Первой мыслью было как-нибудь незаметно эту хрень вылить. Но Кошев смотрел в упор.

Запах был не опасный, к тому же Саша совершенно четко вспомнил, что в Петергофской аптеке этот самый лауданум занимал, по крайней мере, полку.

И Саша вздохнул и влил в себя содержимое ложки.

Такой дряни он еще не пил! Микстура была явно спиртовой настойкой, но такой горькой, что полынный абсент казался на ее фоне нектаром и амброзией. Абсент хоть пить можно!

Он резко схватил стакан с водой и пил, пока не опорожнил весь.

— Енохин — отравитель! — поморщился Саша. — Гнать в шею!

— Иван Васильевич — очень хороший доктор, — улыбнулся Кошев.

Что же такое «лауданум»? Из смутных воспоминаний о латыни в памяти всплывало слово «laudem», которое означало, вроде, «хвалить». Причем здесь спиртовая настойка?

В сон стало клонить быстро и совершенно неотвратимо.

— Я потушу свечи, Ваше Высочество? — спросил камердинер.

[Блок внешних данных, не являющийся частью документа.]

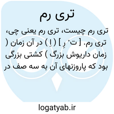 تری رم. [ ت ْ رِ ] ( اِ ) در آن زمان ( زمان داریوش بزرگ ) کشتی بزرگی بود که پاروزنهای آن به سه صف در سه طبقه جا میگرفتند( ایران باستان ج 1 ص 561 ). و رجوع به همین کتاب ج 1 ص 668، 740 و ج 2 ص 926، 1006، 1112، 1135، 1174، 1242، 1485، 1923 و ج 3 ص 1971، 1976، 1978، 2006 شود.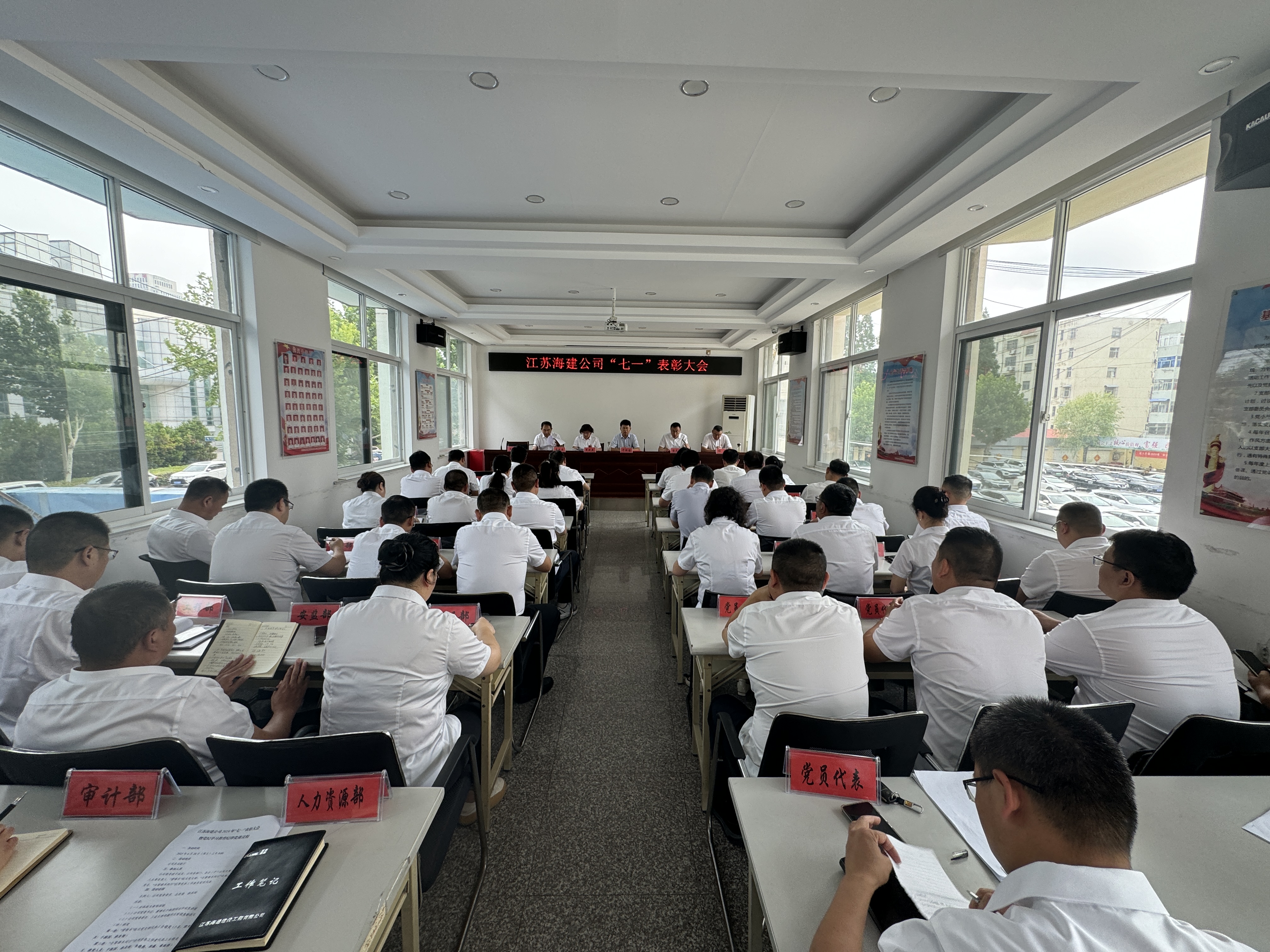 在七一建党节即将到来之际,为深入学习贯彻习近平新时代中国特色社会主义思想,充分发挥各级党组织领导核心作用、基层党组织战斗堡垒作用、广大党员先锋模范作用,江苏海建千亿官方站网站登录入口召开2024年“七一”表彰大会。千亿官方站网站登录入口领导,各部门主要负责人,各分(子)千亿官方站网站登录入口党政主要负责人、“雷锋车”组式党支部代表、“与雷锋车同行”优秀共产党员代表、“与雷锋车同行”优秀党务工作者代表,党员代表共48人参会。会议由党委委员总经理徐其翔主持。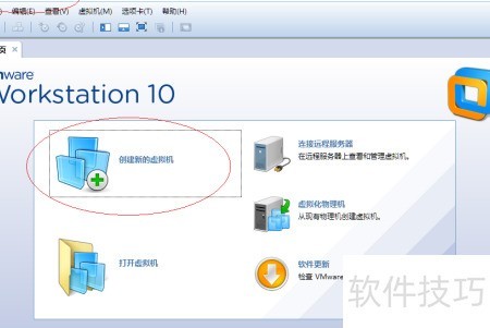 2、 所示,启动 VMware Workstation 10 程序界面,点击创建新的虚拟机按钮,随后在向导页面中选择典型(推荐)模式继续操作。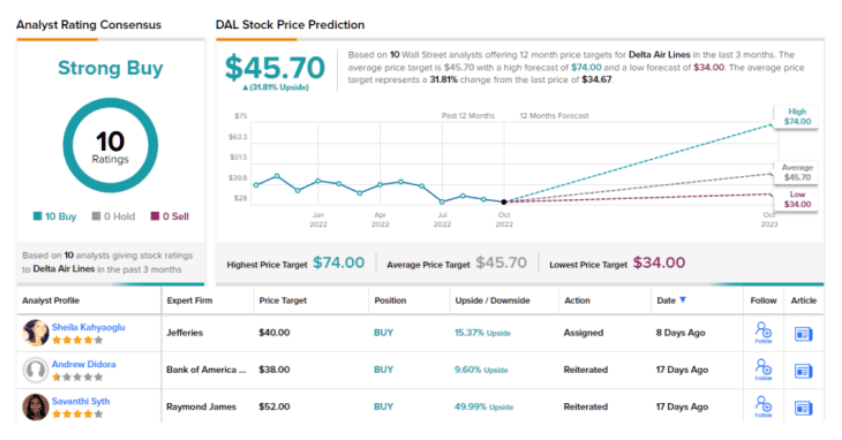 Podívejme se tedy blíže na akcie leteckých společností, které Cramer doporučuje. Otevřeli jsme databázi TipRanks, abychom získali jejich nejnovější statistiky, a přidáme k nim nedávné komentáře analytiků z ulice. Obě akcie mají hodnocení Buy a obě vykazují dvouciferný růstový potenciál. Zde jsou podrobnosti.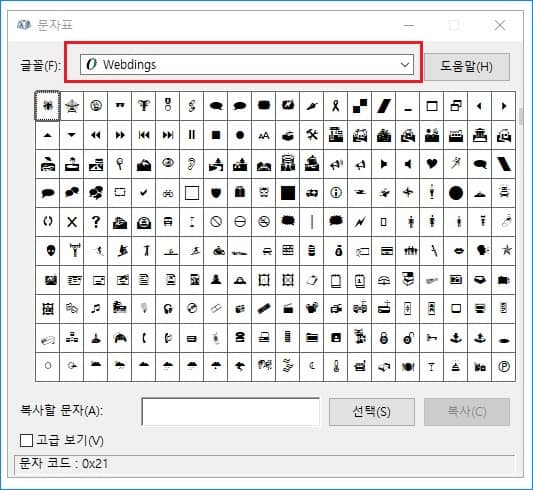 참고로 아래의 이미지는 전체 실행된 문자표에서 많이 쓰이는 'webdings'을 상단 드랍다운 메뉴에서 선택한 모습입니다.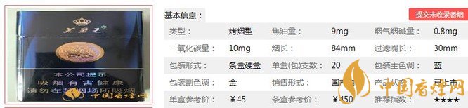 | 類型 :烤煙型 | 焦油量 :9mg | 煙氣煙堿量 :0.8mg | 一氧化碳量 :10mg |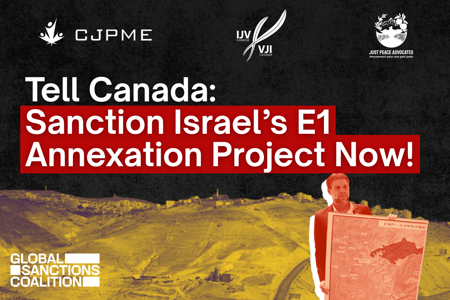 Join us in calling on Prime Minister Mark Carney to sanction Israel’s E1 settlement project before it permanently severs the occupied West Bank in two and consolidates Israel’s unlawful control over Palestinian territory.

— Да, — тяжело выговорил Саша.

И опустил голову на подушку.

Последним он осознал то, как Прохор помогает ему лечь и укрывает одеялом.

Глава 10

Был август. Саша шел к Белому Дому мимо горбатого мостика, полуразобранного для строительства баррикады. Рядом шагал его друг Стас, с которым они вместе издавали очень кусачий антикоммунистический листок. В совместном предприятии Саша отвечал за контент, а Стас — за типографию и распространение.

Над оранжевым закатом висели легкие сиреневые облака. Над площадью разносились звуки русского рока. «Это значит, уже 22-е, — подумал Саша. — То есть мы уже победили». И его залило ощущение безграничного счастья и свободы.

Потом он увидел себя на Лубянке, где народ обвязал канатами железного истукана и пытался стащить его с пьедестала. Саша тоже впрягся вместе со всеми и потянул за канат. А вдали, над Манежной площадью, пылал тот же безумный закат с цветами психоделической вечеринки.

Москва исчезла, и Саша увидел себя спускающимся по лестнице куда-то вниз. Рядом было много людей, и он совершенно четко понял, что вот этот благообразный мужчина в военной гимнастерке, — его отец, а эти девчонки в длинных платьях — его сестры. Они спустились в подвал и их поставили к стенке, и бородатый мужик в кожанке и с револьвером зачитал какой-то короткий текст. Отец только успел спросить: «Что?» И раздались выстрелы.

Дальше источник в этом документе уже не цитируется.